First of all, install weDict via your iPod Touch Installer.
Next, what you’ll be doing is accessing your iPod Touch via the SSH protocol and copying files over. I did this using my Linux machine, however, you can do the same in Windows or Mac.
In Windows, you could download Putty or WinSCP to do it. If you can install the Terminal v100 app on your iPod Touch, you could use that. Initially, I could not install the Term-v100 on 1.1.4. Later, after added the repos above, I was able to. So, here I’m just describing what I did without that app.
To begin, download the English-Korean files from Stardict. They’ll be in a tarball, so if you haven’t got Linux, you’ll need a good zip program that can unzip the formats involved. On Linux, there is dictzip program you can get especially for this; otherwise, other archiving programs will do the job. I believer you can rename the *.dict.dz file to *.dict.gz to unzip. More instructions are here and here.
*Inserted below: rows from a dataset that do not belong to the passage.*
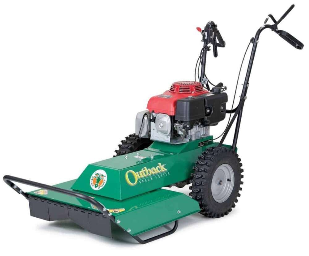 The BC 26 Series Outback, designed for cutting tough overgrown brush, is ideal for cleaning meadows and fields, or cutting paths and trails – wherever dense brush and weeds present a clean-up challenge. The 26″ wide rigid deck commercial-duty brush hog provides excellent stability in deep vegetation. The heavy-duty blade spindle is reinforced on four sides to tackle the toughest cutting conditions, including thick brush up to 6′ high, grass and weeds over 8′ tall, and saplings up to 2.0″ diameter. The heavy-duty mechanical transaxle, featuring three speeds and reverse, combines the transmission and differential into one sealed package with no linkages to snag on brush. And for operator comfort and high productivity, forward and reverse controls are at your fingertips. Coupled with wide plow style handles and hand guards for better leverage and maximum protection, there’s simply no other brushcutter on the market that offers the ease of use and clean-up performance of the BC26 Series Outback Fixed Deck. Key features: * Heavy-duty mechanical transaxle – combines the transmission and differential into one sealed package with no linkages to snag on brush. Three speeds and reverse * Improved shifting from operator station – easy positive shifting between all three forward speeds and reverse * BC2600 rigid deck – provides excellent stability in deep vegetation while mowing meadow * BC2600 heavy duty blade spindle – reinforced in four directions for maximum durability and safety, so you can keep cutting in the harshest conditions * Rubberized rear deck trim – allows for easier stump clearance in reverse * Ergonomically-angled control handles with padded grips – intuitive drive controls make it easier for the operator to move forward and reverse conveniently from the handles. Wide plow style handles with padded grips and knuckle guards provide maximum protection and leverage in deep brush * Puncture resistant tires -16″ wheels and puncture resistant tires Specification: Briggs and Stratton Engine Capacity (cc) 344 Cutting path width (mm) 660 Weight (kg) 166
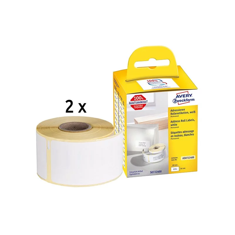 Adresowe Etykiety W Rolce Do Termodruku Avery 36x89 mm 2 Rolki/520 szt. AS0722400
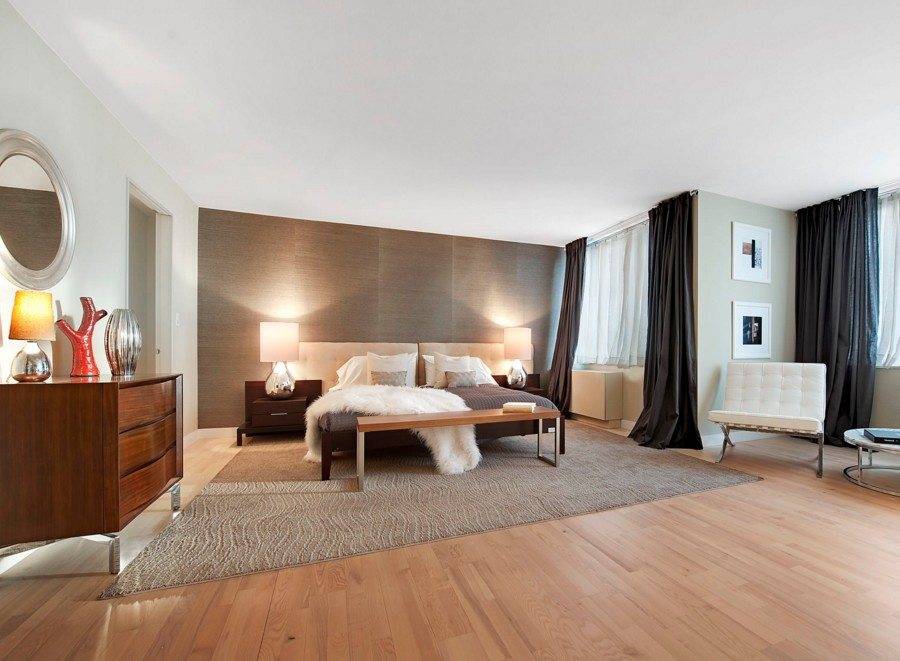 Зонировать большую спальню можно как с помощью мебели ( например, шкафа), так и с помощью элементов декора, которые подойдут вашему интерьеру. Для этого можно использовать:

Once unzipped, you only need the .dict and .idx files. For iPod Touch 1.1.3/4, these need to be copied to the /private/var/mobile/Library/weDict/ folder. For 1.1.1/2, copy them to the /private/var/root/Library/weDict/ folder. For people who don’t want to deal with the command line, I’d recommend using one of the windows programs above.
In Linux, I did this in a terminal window with the following instructions:
scp english-korean.dict root@192.168.0.9:english-korean.dict
and
scp english-korean.idx root@192.168.0.9:english-korean.xdx
Your Touch IP address may differ. You’ll have to got to your Wi-Fi settings to check what it is.
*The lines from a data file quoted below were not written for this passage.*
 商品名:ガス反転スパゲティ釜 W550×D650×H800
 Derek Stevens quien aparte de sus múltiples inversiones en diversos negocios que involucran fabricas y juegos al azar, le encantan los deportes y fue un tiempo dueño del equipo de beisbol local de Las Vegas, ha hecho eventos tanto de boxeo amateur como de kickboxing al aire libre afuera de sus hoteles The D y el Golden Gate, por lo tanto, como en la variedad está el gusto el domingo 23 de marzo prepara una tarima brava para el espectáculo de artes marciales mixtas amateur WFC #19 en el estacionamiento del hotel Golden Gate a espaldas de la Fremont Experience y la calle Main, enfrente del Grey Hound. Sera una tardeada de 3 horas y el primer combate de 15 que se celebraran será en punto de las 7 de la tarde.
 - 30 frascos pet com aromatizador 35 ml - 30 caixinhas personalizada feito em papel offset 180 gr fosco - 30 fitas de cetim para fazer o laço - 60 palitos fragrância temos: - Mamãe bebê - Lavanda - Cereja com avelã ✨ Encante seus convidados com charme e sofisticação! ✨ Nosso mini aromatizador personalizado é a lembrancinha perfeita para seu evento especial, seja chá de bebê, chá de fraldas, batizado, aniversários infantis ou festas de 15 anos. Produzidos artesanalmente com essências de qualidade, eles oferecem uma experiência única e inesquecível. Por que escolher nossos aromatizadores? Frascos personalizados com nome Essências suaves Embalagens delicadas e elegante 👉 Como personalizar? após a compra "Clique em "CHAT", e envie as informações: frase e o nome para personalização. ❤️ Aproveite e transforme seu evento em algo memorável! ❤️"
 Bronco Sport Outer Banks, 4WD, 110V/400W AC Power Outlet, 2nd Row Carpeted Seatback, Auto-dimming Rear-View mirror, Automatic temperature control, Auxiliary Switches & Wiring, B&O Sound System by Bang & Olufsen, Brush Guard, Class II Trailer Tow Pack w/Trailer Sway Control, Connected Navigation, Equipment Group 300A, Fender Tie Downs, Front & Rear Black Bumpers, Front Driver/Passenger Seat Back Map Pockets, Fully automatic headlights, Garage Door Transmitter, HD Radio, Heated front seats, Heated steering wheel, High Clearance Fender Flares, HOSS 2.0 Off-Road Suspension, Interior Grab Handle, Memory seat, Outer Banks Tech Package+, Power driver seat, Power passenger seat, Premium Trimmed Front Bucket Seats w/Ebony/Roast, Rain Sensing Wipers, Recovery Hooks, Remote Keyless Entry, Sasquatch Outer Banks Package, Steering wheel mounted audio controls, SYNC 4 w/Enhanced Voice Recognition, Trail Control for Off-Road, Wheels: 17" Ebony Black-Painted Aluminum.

You’ll notice I didn’t nominate a directory to put them in. At the time, I wasn’t sure exactly where they were supposed to go, so I just got them onto the iPod first. Then I logged into the iPod and had a look around with this:
ssh root@192.168.0.9
If you have to logged on the username is of course “root” and the password is “alpine.” Don’t use “dottie” as specified on some sites. That is probably the password for earlier versions. For 1.1.4, use “alpine.”
I found where the weDict folder was and moved (mv) the english-korean.* files there. That’s all there is to it.
Now fire up weDict on your iPod and try a word to see if it gives you its Korean equivalent. If not, you’ll probably need to go into weDict’s settings and make sure there is a tick against “english-korean.”
Korean Keyboard
If you want to go the other way and search Korean-English direction, you’ll need a Korean keyboard. Unfortunately, this does not seem available to 1.1.4 users. You can install a Korean keyboard on iPod Touch 1.1.1 or 1.1.2, and instructions for that are on this site. If you can get a keyboard, then you can install the korean-english dictionary available on the Stardict site, in the same way as I’ve shown above.